[Collection entries]

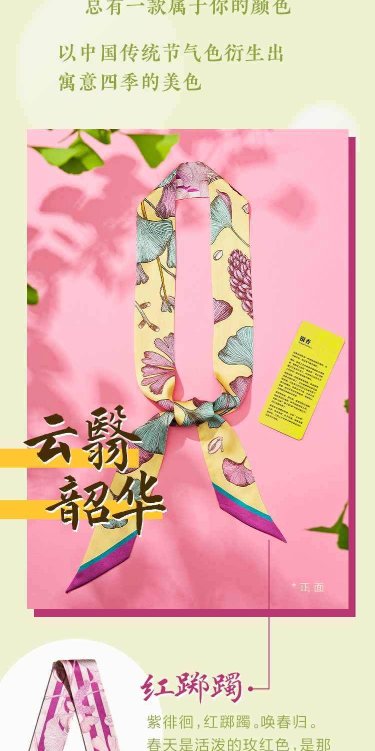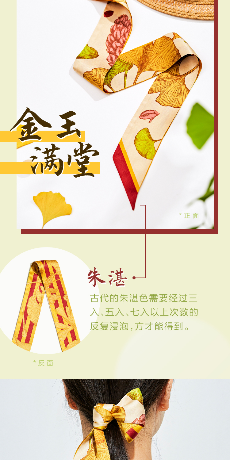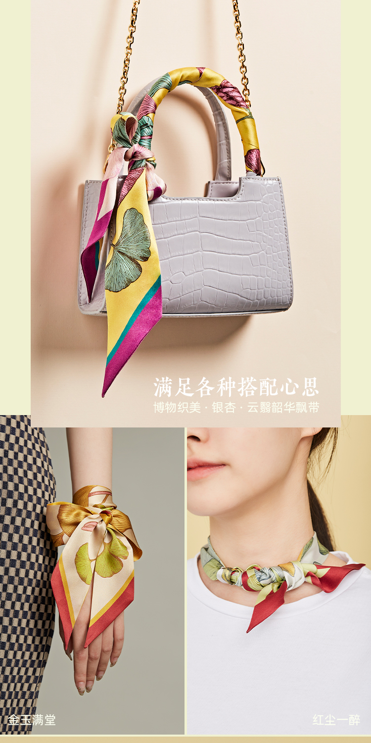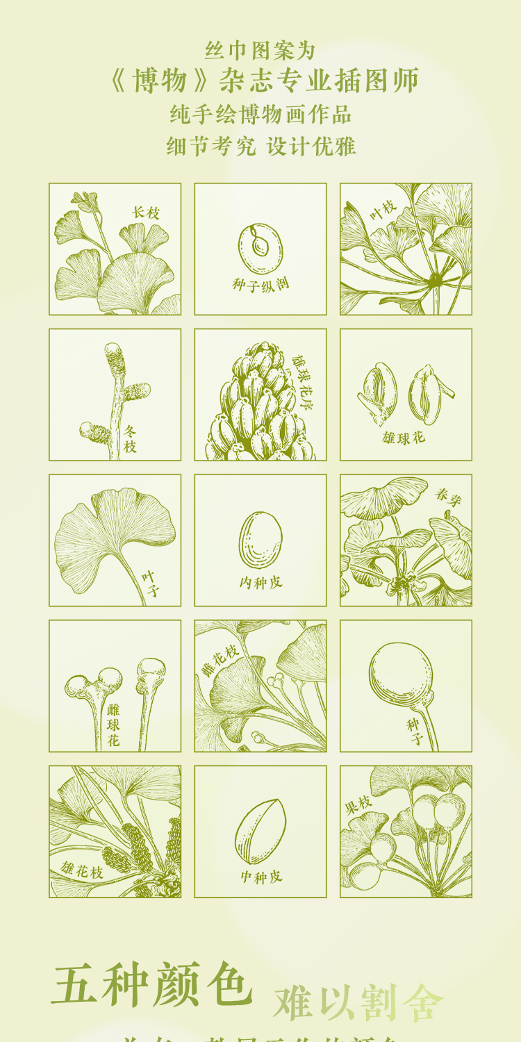博物文创银杏飘带 丝带桑蚕丝丝春秋装饰植物插画礼物
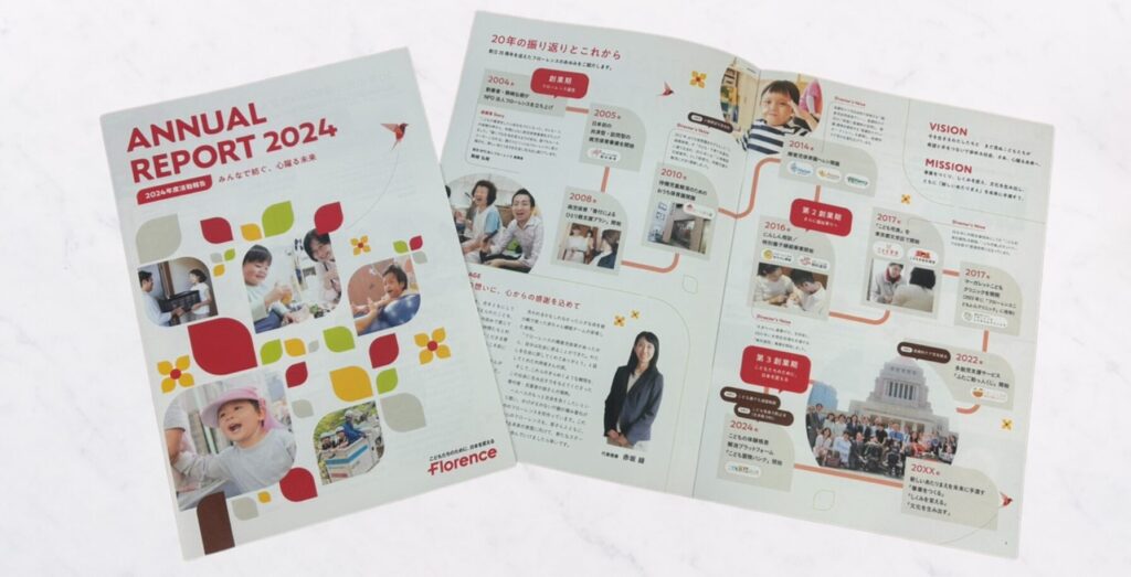 20年の歩みを振り返るとともに、それぞれの事業から生まれた声、スタッフの声、フローレンスをご支援くださる皆さんの声をつないで、2024年度の活動を1冊にまとめました。
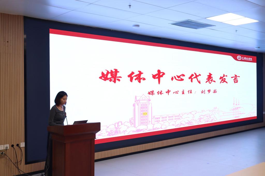胡帅老师在发言中表示,希望新同学们通过本次活动能对公司团学组织有进一步的了解,并能结合自身实际选择适合自己的部门,丰富大学课余生活,在实践中锻炼自我,在团学工作中增长才干,在热爱中收获成长。 媒体中心在大家的热烈欢迎中率先登场,运营部、编辑部、技术部和记者团各自展示了自己的部门职责和特色,表达了对新同学加入的期待。 (员工)团委和员工会采用“团学一体”方式进行宣讲,两个员工组织的对口交流部门两两成对进行了精彩的宣讲。各部门采用丰富多样又生动有趣的形式进行部门介绍和讲解,赢得了在场同学们的阵阵掌声。
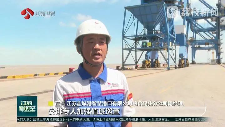 江蘇鹽城港智慧港口有限公司糧食碼頭分公司副經(jīng)理嚴浩說:“安排專人加強值班巡查,全方位、不間斷地排查隱患,確保各項防護措施萬無一失?!?/p>
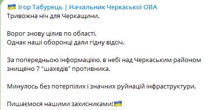 "За попередньою інформацією, у небі над Черкаським районом знищено сім "шахедів" противника. Обійшлося без постраждалих і значних руйнувань інфраструктури", - написав глава ОВА.
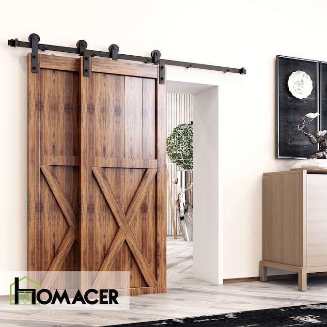 - BARN DOOR HARDWARE INSTALLATION MADE EASY – Homacer single track bypass allows your beautiful barn doors to slide bypass with each other on just one track

Work item =
Repeat every entry exactly, but leave out the pictures.

Written solution =
博物文创银杏飘带 丝带桑蚕丝丝春秋装饰植物插画礼物
 20年の歩みを振り返るとともに、それぞれの事業から生まれた声、スタッフの声、フローレンスをご支援くださる皆さんの声をつないで、2024年度の活動を1冊にまとめました。
胡帅老师在发言中表示,希望新同学们通过本次活动能对公司团学组织有进一步的了解,并能结合自身实际选择适合自己的部门,丰富大学课余生活,在实践中锻炼自我,在团学工作中增长才干,在热爱中收获成长。 媒体中心在大家的热烈欢迎中率先登场,运营部、编辑部、技术部和记者团各自展示了自己的部门职责和特色,表达了对新同学加入的期待。 (员工)团委和员工会采用“团学一体”方式进行宣讲,两个员工组织的对口交流部门两两成对进行了精彩的宣讲。各部门采用丰富多样又生动有趣的形式进行部门介绍和讲解,赢得了在场同学们的阵阵掌声。
 江蘇鹽城港智慧港口有限公司糧食碼頭分公司副經(jīng)理嚴浩說:“安排專人加強值班巡查,全方位、不間斷地排查隱患,確保各項防護措施萬無一失?!?/p>
 "За попередньою інформацією, у небі над Черкаським районом знищено сім "шахедів" противника. Обійшлося без постраждалих і значних руйнувань інфраструктури", - написав глава ОВА.
 - BARN DOOR HARDWARE INSTALLATION MADE EASY – Homacer single track bypass allows your beautiful barn doors to slide bypass with each other on just one track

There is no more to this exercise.